After gun massacre, voters in El Paso divided over Trump rhetoric
A memorial to victims of the 2019 shooting massacre in El Paso, where some voters say the violence could influence their choice of president (AFP)

In El Paso, Texas, large numbers of voters have been casting early ballots in the US election with many saying that a racist shooting spree last year is at the forefront of their minds.

A Walmart store in the town was the scene of a massacre on August 3, 2019 when 23 people were shot dead and many others injured by a man who said he was fighting back against a "Hispanic invasion" of Texas.

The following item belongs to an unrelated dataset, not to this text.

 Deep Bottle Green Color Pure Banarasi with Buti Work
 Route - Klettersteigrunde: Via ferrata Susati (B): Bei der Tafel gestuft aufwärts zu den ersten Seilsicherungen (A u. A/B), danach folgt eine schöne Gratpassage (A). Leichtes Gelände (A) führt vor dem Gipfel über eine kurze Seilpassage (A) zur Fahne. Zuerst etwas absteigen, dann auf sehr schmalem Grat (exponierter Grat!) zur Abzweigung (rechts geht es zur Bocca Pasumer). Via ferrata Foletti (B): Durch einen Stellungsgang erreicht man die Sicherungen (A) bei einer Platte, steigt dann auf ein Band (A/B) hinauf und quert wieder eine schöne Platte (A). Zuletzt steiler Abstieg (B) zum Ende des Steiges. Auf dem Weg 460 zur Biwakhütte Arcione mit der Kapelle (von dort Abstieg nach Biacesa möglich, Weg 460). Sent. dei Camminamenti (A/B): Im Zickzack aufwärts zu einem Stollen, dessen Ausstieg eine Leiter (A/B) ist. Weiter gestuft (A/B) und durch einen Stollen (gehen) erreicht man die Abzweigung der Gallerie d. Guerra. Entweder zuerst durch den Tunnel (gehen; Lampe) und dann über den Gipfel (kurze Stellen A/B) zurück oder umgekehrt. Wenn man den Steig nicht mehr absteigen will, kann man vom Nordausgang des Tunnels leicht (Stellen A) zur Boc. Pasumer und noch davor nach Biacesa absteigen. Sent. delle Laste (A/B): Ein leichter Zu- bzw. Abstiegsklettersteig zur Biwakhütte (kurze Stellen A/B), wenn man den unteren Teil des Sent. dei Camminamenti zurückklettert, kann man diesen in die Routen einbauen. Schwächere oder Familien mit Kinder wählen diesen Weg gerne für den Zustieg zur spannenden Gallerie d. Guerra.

The shooter is believed to have driven nine hours from near Dallas to El Paso, which has a large majority Hispanic population and is on the Rio Grande river that marks the border with Mexico.

Many of the victims were Hispanic or Latino, and some locals remain convinced that President Donald Trump's long record of verbal insults against migrants played a role in fostering the assault.

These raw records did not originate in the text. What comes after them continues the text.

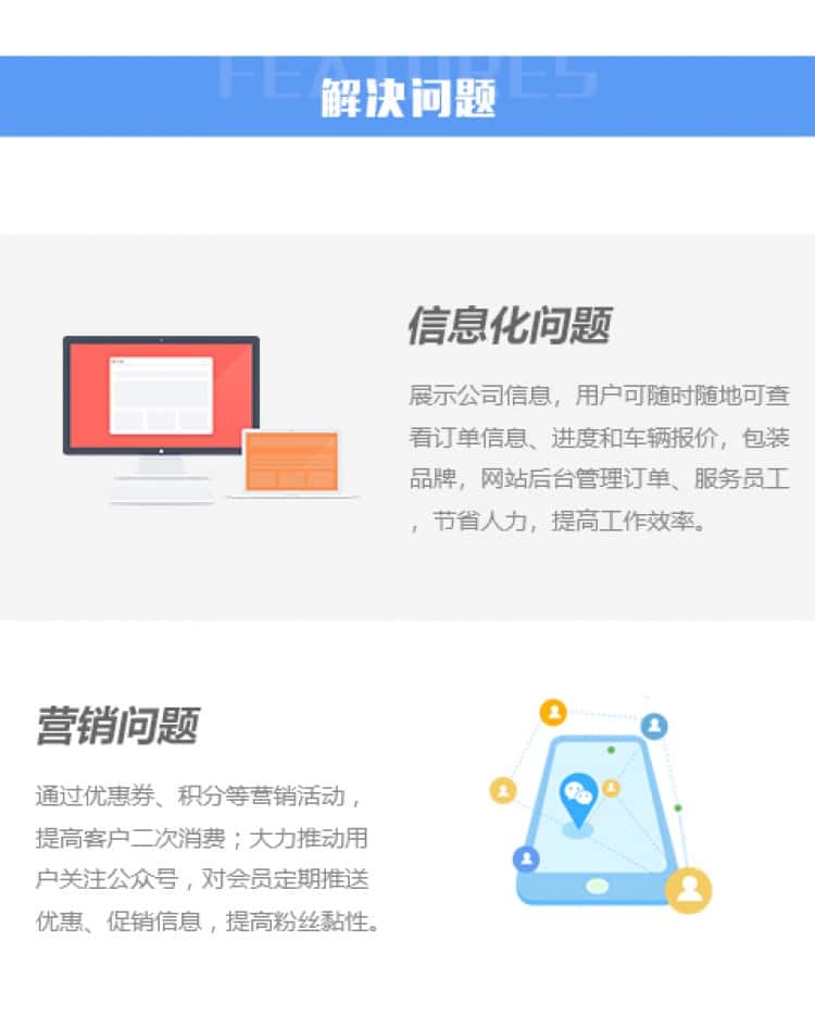展示公司信息,用户可随时随地可查看订单信息、进度和车辆报价,包装品牌,网站后台管理订单、服务员工节省人力,提高工作效率
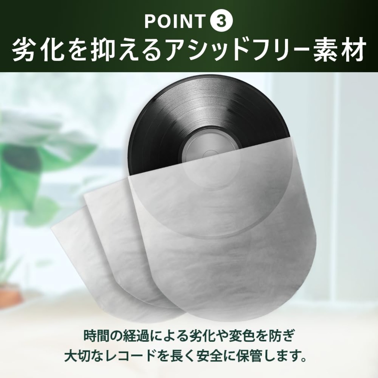 【静電気防止加工済み】静電気やホコリの付着を防ぐための静電気防止加工済み! 取り出しの際に気になる静電気を徹底ブロックし、快適さを実現しました。 さらに、埃を寄せ付けないため、レコードを汚れや劣化から守ります。
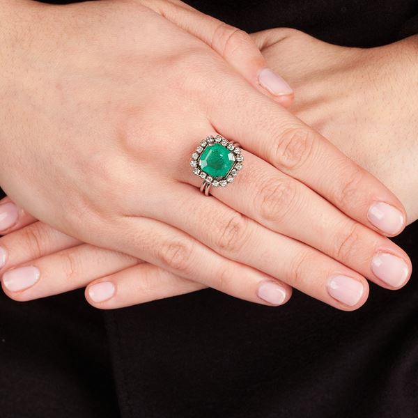 Size 16Daisy ring with huit huit cut diamonds for 0.35 ct, color H-I, SI and square cut emerald of 4.10 ct, emerald with slight lateral chipping, 7.0 g
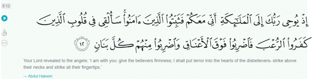 This verse, which comes under Al-Anfal chapter of the Quran, states that disbelievers (non-Muslims) are to be beheaded and their fingers chopped off. “Your Lord revealed to the angels: ‘I am with you: give the believers firmness; I shall put terror into the hearts of the disbelievers- strike above their necks and strike all their fingertips.’ reads the mentioned verse.
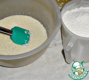 Перемешать хорошо лопаточкой, влить растительное масло и замесить крутое тесто.

"I think he's racist. I think he's very racist against Hispanics, said Leigh Smith, 60, as she lined up outside a polling station.

"When I see how he attacks the Hispanics, it just hurts me," said Smith, a Hispanic woman who no longer works due to disabilities.

Trump called Mexican migrants "rapists" and drug dealers during his 2016 election campaign and vowed to build a wall along the border.

In office, he has cracked down on migration, and been accused of imposing policies that separate migrant families at the border and cruelly mistreat children.

"It started with the depiction of our community as murderers and rapists and then it continued to a vilification of immigrants," said Sylvia Acosta, head of El Paso's Young Women's Christian Association (YWCA).

"Then children were being kept in cages where family separations were occurring... Then the shooting hit, and it became like that rhetoric fed into a human being coming to our community to kill Mexicans," said Acosta.

The attack shocked a city that had been rated as one of the safest in the country, and the aftermath could influence voters as Trump tries to win a second term against Joe Biden.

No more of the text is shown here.